Her fingers brush the loose coils at the nape of Charlie’s neck, and the goosebumps that prick up under Zari’s fingertips are a reward unto themselves, as is the softness of Charlie’s lips. Charlie delivers a collection of romantic feelings when she kisses, and Zari can feel herself sink into the touch, her lips part for Charlie’s tongue.

Another kick from the little one, and Charlie rubs her fingers against Zari’s bump.

“Just us and our band of babies,” Charlie whispers, taking the time to plant soft kisses on the shell of Zari’s ear. “We can get one of those vans and everything.”

“What kind of van?” Zari asks.

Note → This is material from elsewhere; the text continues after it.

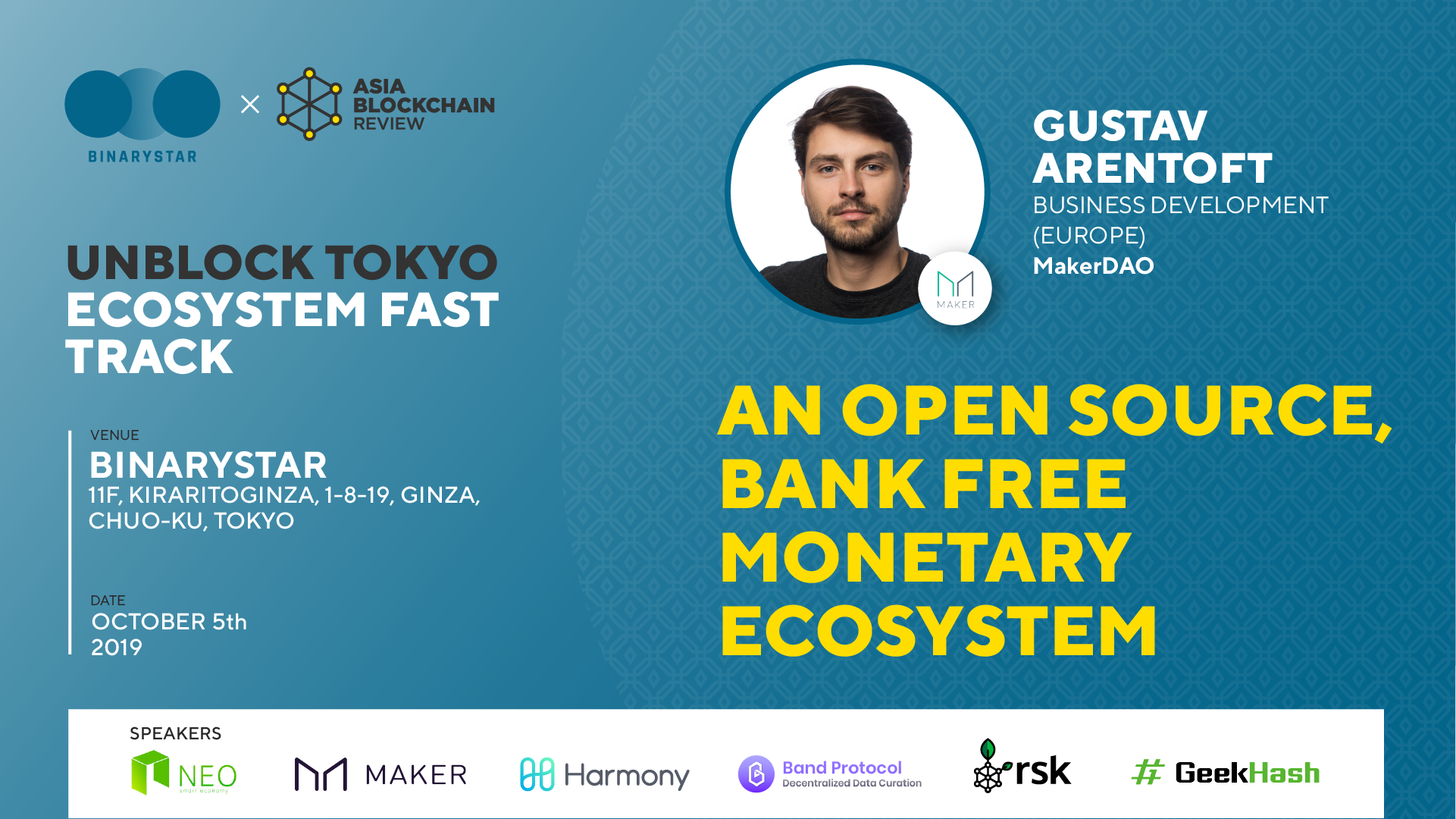 BINARYSTAR and Asia Blockchain Review are seizing this opportunity to discuss the possibilities offered by blockchain for Japan’s financial industry, particularly how DeFi could revolutionize the industry. Join us in October as we explore how we might be able to leave banks out of the equation during our flagship event, Unblock Tokyo. Among the talks to be held at Unblock Tokyo, Gustav Arentoft, Business Development Manager at MakerDAO — a decentralized and permissionless lending platform that allows users to borrow its USD-pegged stablecoin DAI — will be leading an eye-opening session on “An Open-Source, Bank-Free Monetary Ecosystem.”
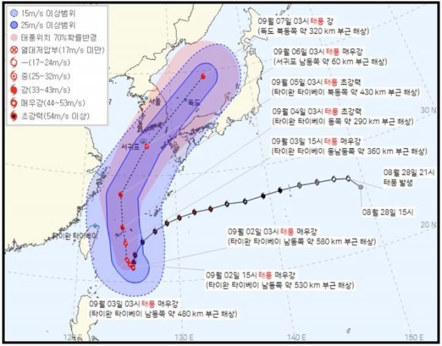 6일쯤 제주를 통과해 부산을 중심으로 한반도를 지나갈 것으로 관측된다. 이때 예상 중심기압은 945hPa, 최대 풍속은 초속 45m 수준으로 사람이나 커다란 돌이 비바람에 날아갈 수 있을 정도의 세기인 ‘매우 강’ 강도다.

She’s not quite sure when she’d put the ukulele down, but there had been a point where she’d needed to make room in her lap for Charlie, and that had mattered more. The holding hand has decided to make a new home on Charlie’s inner thigh, warm with body heat and late afternoon sun. “There’s several.”

Charlie wrinkles her nose. “You know.” She twists her mouth before she speaks, the words coming with a sense of struggle. “The kind- It’s very- Retro. Very American. The long ones? You put your, I don’t know, surfboards and shit on the outside, and you live on the inside.”

“Oh,” Zari says, eyes wide with mock understanding. “So we’re raising our kids in a van.”

“Yes!” Charlie says, expression bright. “The hippy-dippy shit.” 

“How are you going to play punk music if it’s all about free love and peace?” Zari asks. “You’ll be about a decade too early.”

“I invented it once,” Charlie says. “I can push back the date a little.”

“So let me get all of this in order,” Zari says. “We’re going to make this baby, and then a bunch more, and then we’re all going to the 60s to get in a van and invent punk rock.”

“Sounds perfect to me,” Charlie says.

“It would,” Zari says.

Charlie responds by kissing her again, deciding wrap her arms around Zari, cradle the small of Zari’s back in her hands. “It’ll be fun,” Charlie says, and gives her another kiss. “You’ll like it.” The kiss that follows that sentiment lasts a breath longer, their lips moving with the kind of intent to be a little messy, to let the kiss get a little deep. “You can have a little window garden and grow snow peas and shit. You can put flowers in your hair.”

“Wow,” Zari says. “What a tempting argument that is.”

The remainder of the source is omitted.